Corporate debt is a bomb about to explode in the United States.
Since the economic collapse, corporate debt has ballooned to $9 trillion, but it has flatlined since the Federal Reserve started to normalize interest rates.
Is it a problem? Not quite says Fed Chair Jerome Powell.
Speaking at the 24th Annual Financial Markets Conference, Powell told the audience:
“Business debt has clearly reached a level that should give businesses and investors reason to pause and reflect. If financial and economic conditions were to deteriorate, overly indebted firms could well face severe strains.”
But this time it’s different!
“However, the parallels to the mortgage boom that led to the Global Financial Crisis are not fully convincing,” he explained.
“First, business debt is near record levels, and recent issuance has been concentrated in the riskiest segments. As a result, some businesses may come under severe financial strain if the economy deteriorates. A highly leveraged business sector could amplify any economic downturn as companies are forced to lay off workers and cut back on investments. Investors, financial institutions, and regulators need to focus on this risk today, while times are good.

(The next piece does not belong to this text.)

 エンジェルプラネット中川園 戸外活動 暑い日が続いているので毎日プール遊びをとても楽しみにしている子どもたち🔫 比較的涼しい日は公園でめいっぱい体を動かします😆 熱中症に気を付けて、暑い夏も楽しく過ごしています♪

Second, today business debt does not appear to present notable risks to financial stability. The debt-to-GDP ratio has moved up at a steady pace, in line with previous expansions and neither fueled by nor fueling an asset bubble. Moreover, banks and other financial institutions have sizable loss-absorbing buffers. The growth in business debt does not rely on short-term funding, and overall funding risk in the financial system is moderate.”

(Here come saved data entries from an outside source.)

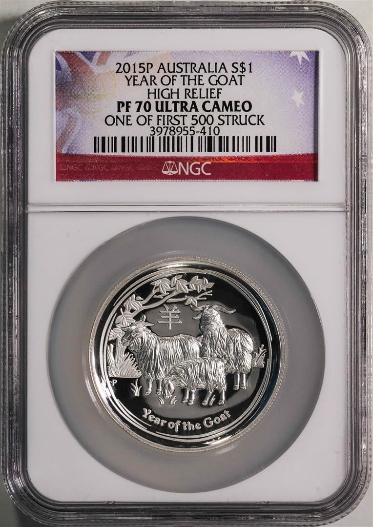 One 2015P $1 Proof Australia Year of the Goat High Relief Silver Coin NGC PF70 Ultra Cameo. NGC Certified.
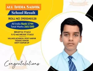 छात्र भव्य त्यागी का बोर्डिंग सह आवासीय विद्यालय की सीएमकेपी यूपी परीक्षा में हुआ चयन,दी बधाई
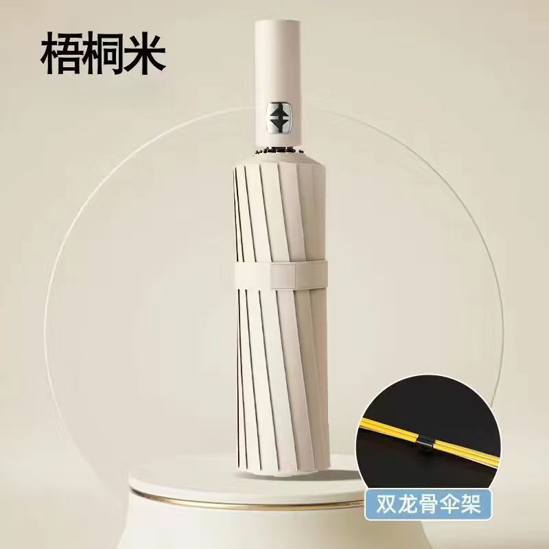 upgraded version (automatic 24-rib 2+1 reinforced black coating) all-weather umbrella — paulownia beige
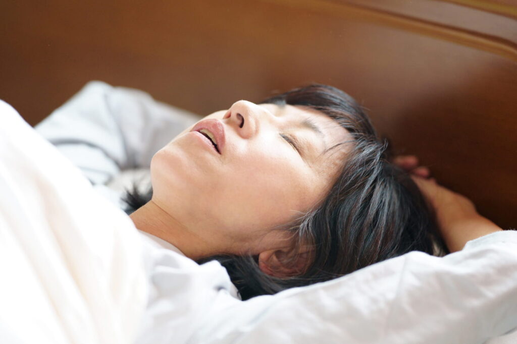 口が開いたまま眠ると、舌や喉の筋肉が緩み、気道が狭くなりやすくなります。その結果、空気の通り道が振動していびきが発生。呼吸が浅くなり、熟睡感が得られません。
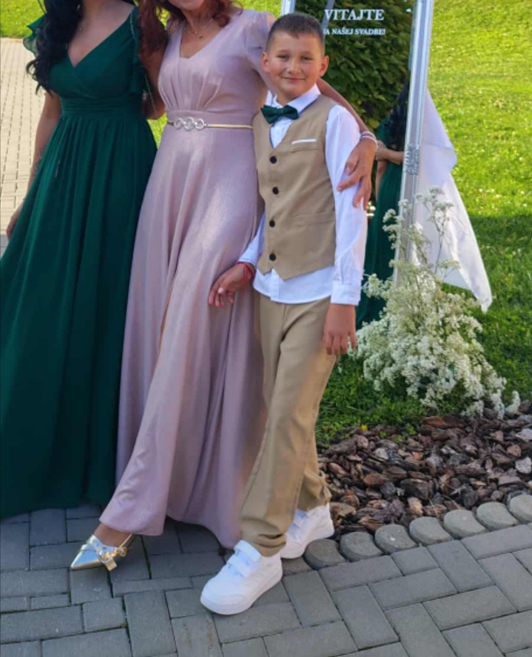 Oblek kúpený v Zara sedí aj na veľkosť 146 Raz oblečené na svadbe košeľa aj motýlik čierny iba oprata syn mal inú košeľu Topánky plus hnedý opasok Predám iba spolu Pôvodná cena bola 120 eur za v...
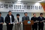 (사천/이형섭 기자) = 경남 사천시민참여연대(대표 박종순)는 20일 오전 10시 30분 사천시청 브리핑룸에서 사천, 삼천, 포항 노선을 포함하는 김천~거제 간 남부내륙고속철도사업 조기 착공을 촉구하는 기자회견을 가졌다. 사천시민참여연대는 기자회견을 통해 서부경남 도민들의 오랜 염원이며 대선공약 사업인 김천~거제 간 남부내륙철도사업 조기 착공을 반드시 이행할 것을 촉구했다. 참여연대는 “삼천포항은 최첨단 항공우주산업과 공군부대 전투기 훈련비행장과 삼천포화력발전소 등 국가산업 및 군사 전략지로서 교통수요가 많을 것으로 전망된다“며, “삼천포항은 산업물류 및 군사전략 요충지란 면에서 반드시 남부내륙고속철도 노선에 포함시켜야 한다”고 주장했다. 참여연대는 특히 "19대 대선 때 박근헤 대통령 후보 공약으로 김천~합천~진주~삼천포항~고성~통영~거제로 잇는 노선으로 변경 남부내륙고속철도사업을 추진하겠다고 했으나, 국토교통부는 철도건설과 실무진이 현지답사도 없이 이 노선(김천-거제)의 가장 핵심인 삼천포항을 타당성 검토도 하지 않고 노선 연장 증가로 인한 사업비가 늘어나 경제성이 하락할 우려

Should rates go higher amid an economic contraction, then just to service the debt will be a monumental task.
JRATT says
Here we go again, just 90 days after this article. With the drop in interest rates of 25 basis points and more to come, corporate debt will climb higher. How many companies will have to file bankruptcy is anyone’s guess, but I think it will soon have a bigger effect on future earnings and employment.